At the end of this article, you know how to retrieve information from a website and put that information in C# objects for you to use.

I will be using a console application called WebScraping.Console in a solution called WebScraping.

What Is web scraping?

I love to travel and I get my information from several sources. Some websites, some social media, and more. It can be a hassle to keep up to date with all these different online sources, so why not combine them all in one? And that is what web scraping can do.

I build this small tool that will read different online pages, get new information from those pages, and store them in a database. When I open the GUI I see all the new articles of 14 different online sources in one page. This saves me a lot of time browsing through different sources.
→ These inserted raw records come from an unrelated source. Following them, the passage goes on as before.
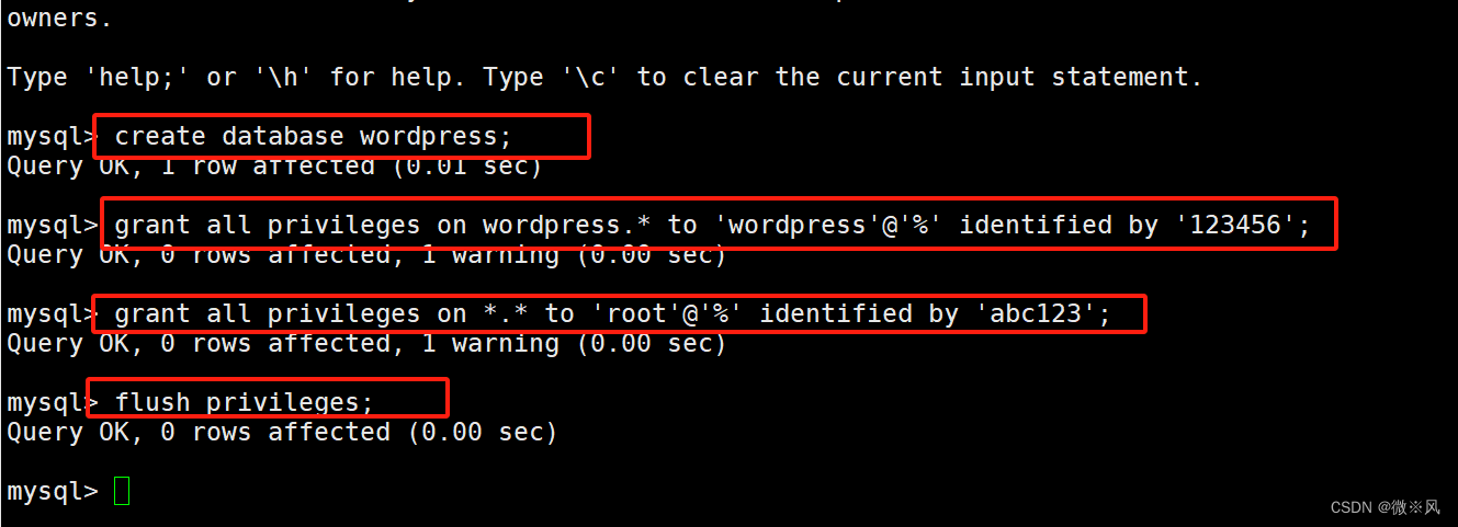 grant all privileges on wordpress.* to 'wordpress'@'%' identified by '123456';
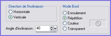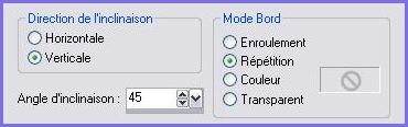 5 - Effets/Effets d'image/Mosaïque sans jointure réglages par défaut 6 - Réglages/Flou/Flou Directionnel : angle : 315/ Intensité : 100
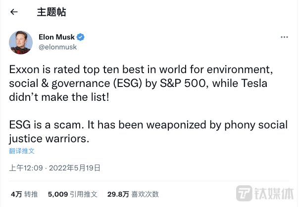 其中,在特斯拉被踢出标普ESG指数后,特斯拉CEO、前世界首富埃隆·马斯克发推文怒斥称,ESG就是骗局,它被那些伪装成社会正义斗士的家伙当成枪使。
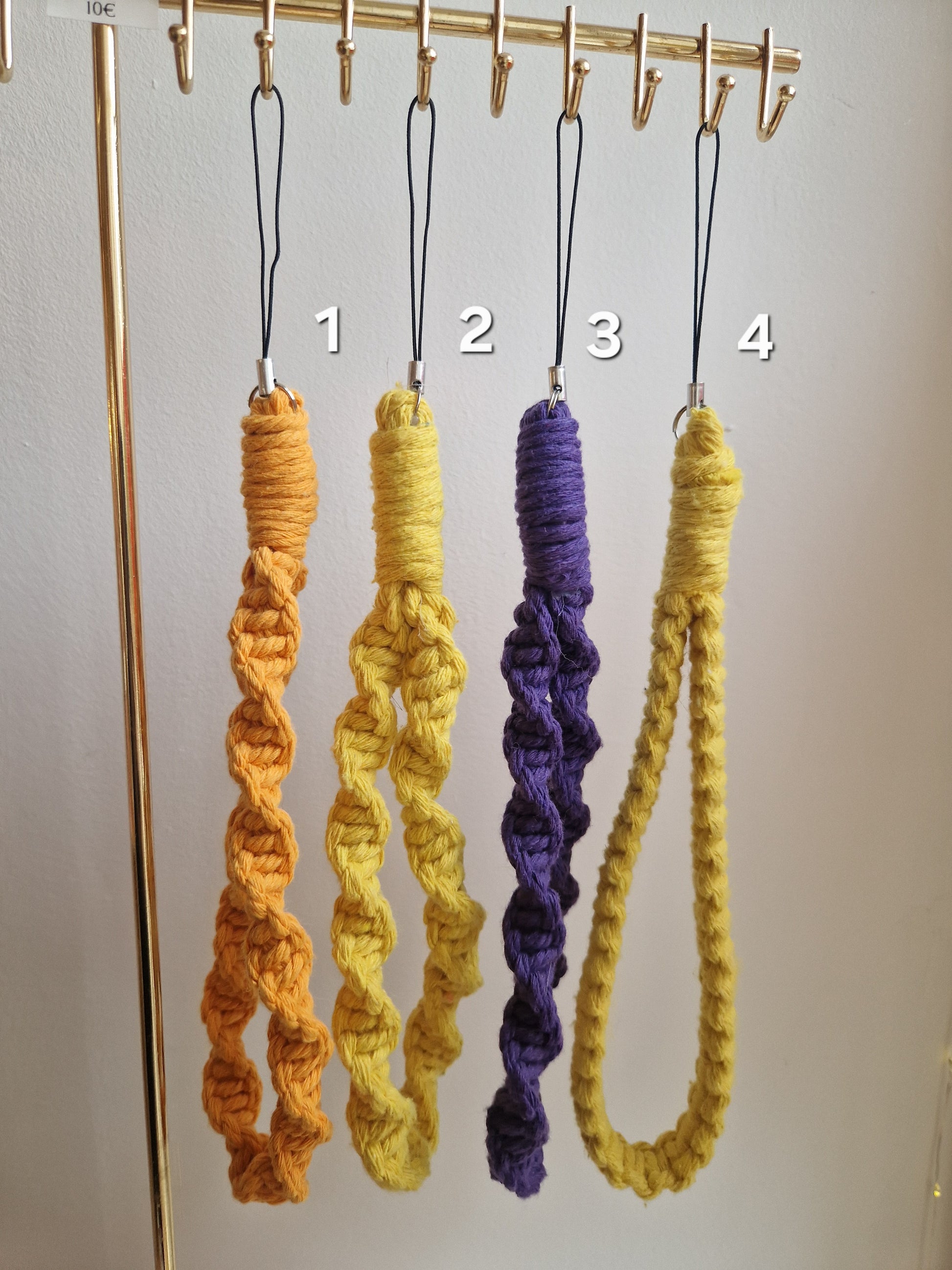 Sangles pour coque de téléphone réalisées avec la technique de tissage du macramé.
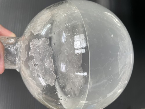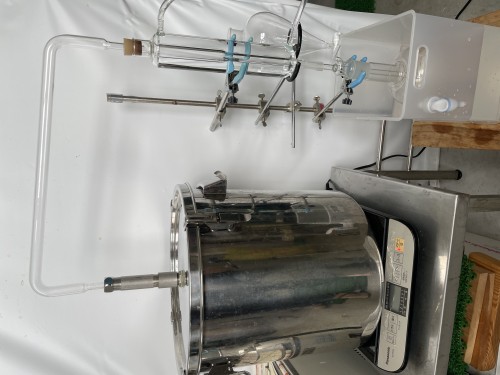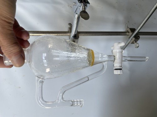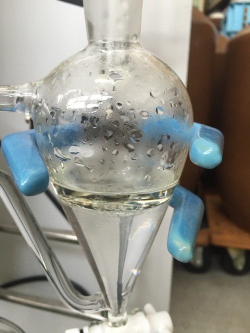 クスノキチップの蒸留。新鮮なのか送られてきた時からカンファーの香りがとても強かった。クスノキは、結晶化するので通常の蛇管式の冷却器ではなく直管の冷却器を使用する。直管冷却器を1L丸フラスコで受けて後からロートで結晶を濾過し分液ロートに蒸留水を分ける。濾過した結晶は紙にはさんで水分を取り除き結晶を取り分ける。結晶が多く直管冷却器の中にも結晶が溜まっていくので、冷却水は流さないで丸フラスコを冷やす。加水6.5L。蒸留時間90分。
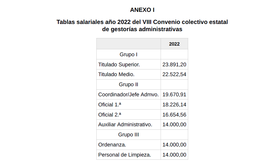 A tal fin, junto a las tablas salariales y en el artículo 24 de este convenio, figura el porcentaje de incremento contenido en las mismas con respecto al salario del año inmediatamente anterior, siendo que para el 2024 el porcentaje de incremento es del 4% sobre las tablas salariales publicadas en el BOE núm. 68/2023, de 21 de marzo de 2023 y con excepción de los subgrupos de auxiliar administrativo/a del grupo II, auxiliar o ayudante/a técnico/a del grupo III y el personal del grupo IV que ven adecuados sus salarios a lo establecido para el SMI vigente.
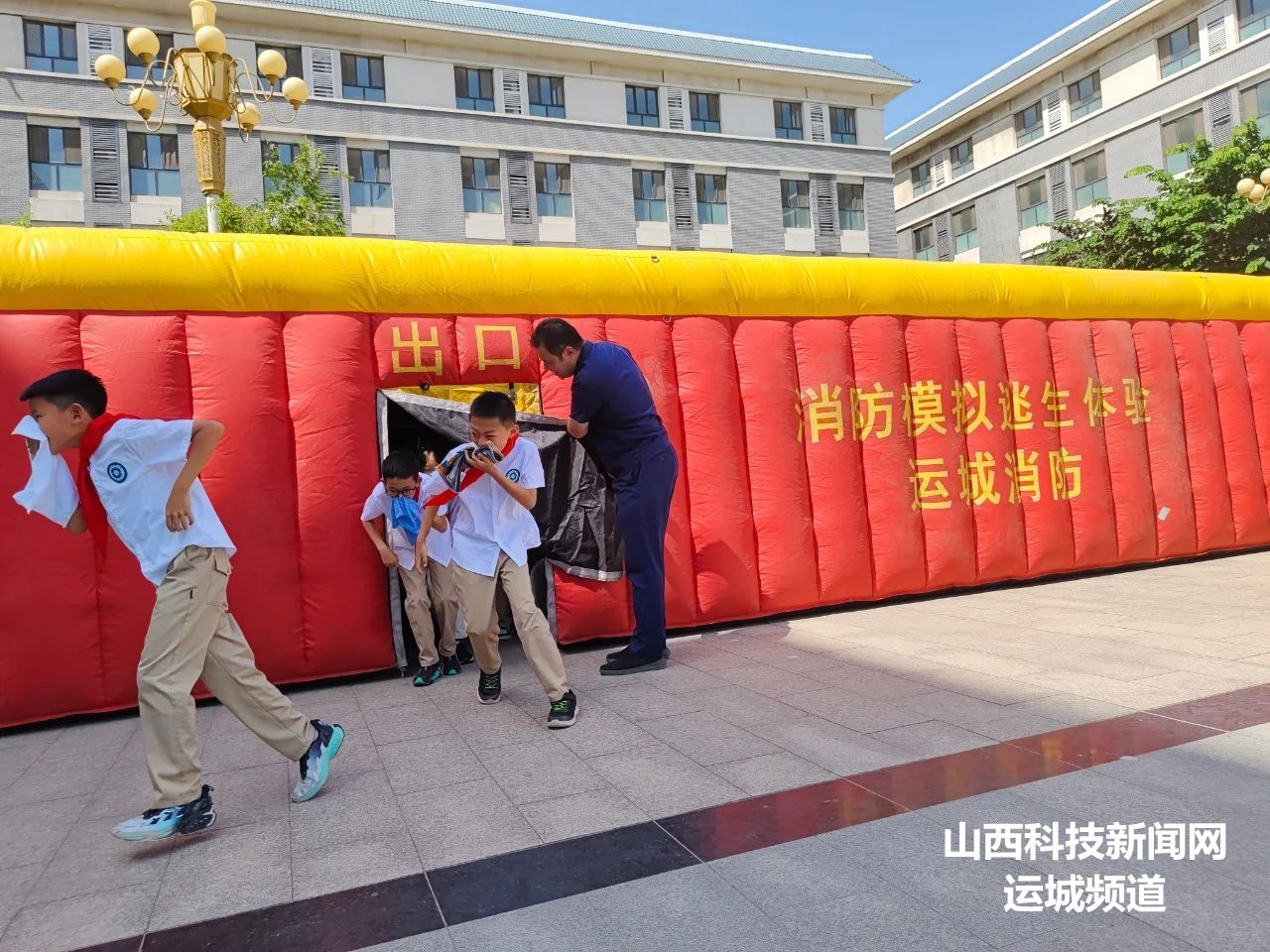 随着警报响起,学校立即启动灾害应急预案,宣传人员有序、迅速地组织师生向空旷的操场疏散演练。演练结束后,师生们在弥漫着浓烟迷雾的模拟逃生帐篷里进行应急疏散逃生。在一句句提醒与互相帮助下,短短几分钟内,参与模拟火灾逃生体验的师生安全地逃出了“火线”。

But before I am going to show you how you can get the information from a website, I want to dismiss some rumors that aren’t true:

Web scraping is legal, as long as the information you are requesting is public. If you need to register somewhere and then get the data, that information is not really public. Just be careful with that.

We will make requests to a website, using the HTTPClient. Don’t make requests every 2 seconds. This will get your IP on a blacklist and you won’t be able to get the information you want. This is usually a temporary ban, but sometimes it’s permanent. I usually have intervals of 3 to 6 hours.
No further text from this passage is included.